Last Updated: Wednesday, January 13, 2021

Role of charities in society – second level

What is this?

Children will learn more about the role of charities in society. They will explore the range of charities in operation and consider the purpose and nature of the work that charities do. They will consider what motivates people to involve themselves in charitable work.

This learning activity is intended to support teachers and practitioners to plan learning experiences for children/young people in their usual setting or while they are learning at home. As well as taking account of national and local guidance relating to Covid-19, the activity should be used or adapted accordingly to consider the range of learners and their prior knowledge and individual circumstances in relation to this learning experience.

Curriculum for Excellence (CfE) experiences and outcomes: Second level

Literacy and English

  • Using what I know about the features of different types of texts, I can find, select and sort information from a variety of sources and use this for a different purpose. LIT 2–14a
  • I can make notes, organise them under suitable headings and use them to understand information, develop my thinking, explore problems and create new texts, using my own words as appropriate. LIT 2–15a

Social studies

  • I can explain how the needs of a group in my local community can be supported. SOC 2–16a

Religious and moral education

  • I can share my developing views about values such as fairness and equality and love, caring, sharing and human rights. RME 2–05b, RME 2–02b

Purpose of the activity

Children will learn more about the role of charities in society and explore the impact of the work that they do. They will identify what motivates people to become involved in charitable work.

Learning activity

  • To identify children’s existing knowledge of different charities challenge them to identify as many charity logos as they can.
  • Building on what the children already know, prompt them to consider the purpose of these charities. Why do they exist? Who or what do they support? How do they raise funds? A useful starting point may be discussing familiar charity events supported through school activities.
  • Looking again at the wide range of charity logos, discuss if these support local, national or international/global causes. Encourage children to find out about any local organisations who receive support from a charity. Ask them to consider the type of support provided, for example, food donations to a local foodbank, clothing and bric-a-brac donations to a local hospice shop or supporting the local Royal National Lifeboat Institution station with financial donations.
  • People often undertake significant personal challenges to raise money for charity. Discuss with children the reasons why people are motivated to do this. Explore with them values, equality, caring, compassion, and human rights.

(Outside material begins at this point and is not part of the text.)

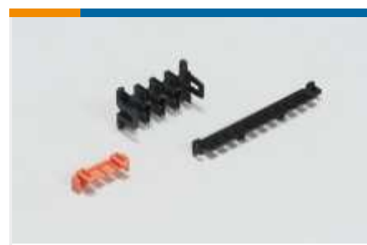
Rectangular Connector Locking(8)

The following links may support your planning for this activity:

Extension activity

  • Children could research the history of a chosen charity.
  • Children could find out about the amazing personal challenges people undertake to raise money.
  • Children could interview a representative from a local charity to find out more about their work and the impact it is having on the lives of others.

National Benchmarks

Literacy and English

  • Finds, selects and sorts relevant information from a range of sources.
  • Uses notes to create new texts that show understanding of the topic or issue.

Social studies

  • Provides a basic explanation as to how the needs of a particular group within a local community can be supported, using relevant examples.

Religious and moral education

  • Discusses and expresses views about the importance of values such as honesty, respect and compassion.

Possible approach to assessing learning

  • You could assess the children’s completion of the task in terms of their contribution to discussions and ability to justify their responses. 

When planning your approach to assessing learning, please take account of the latest guidance on assessment approaches.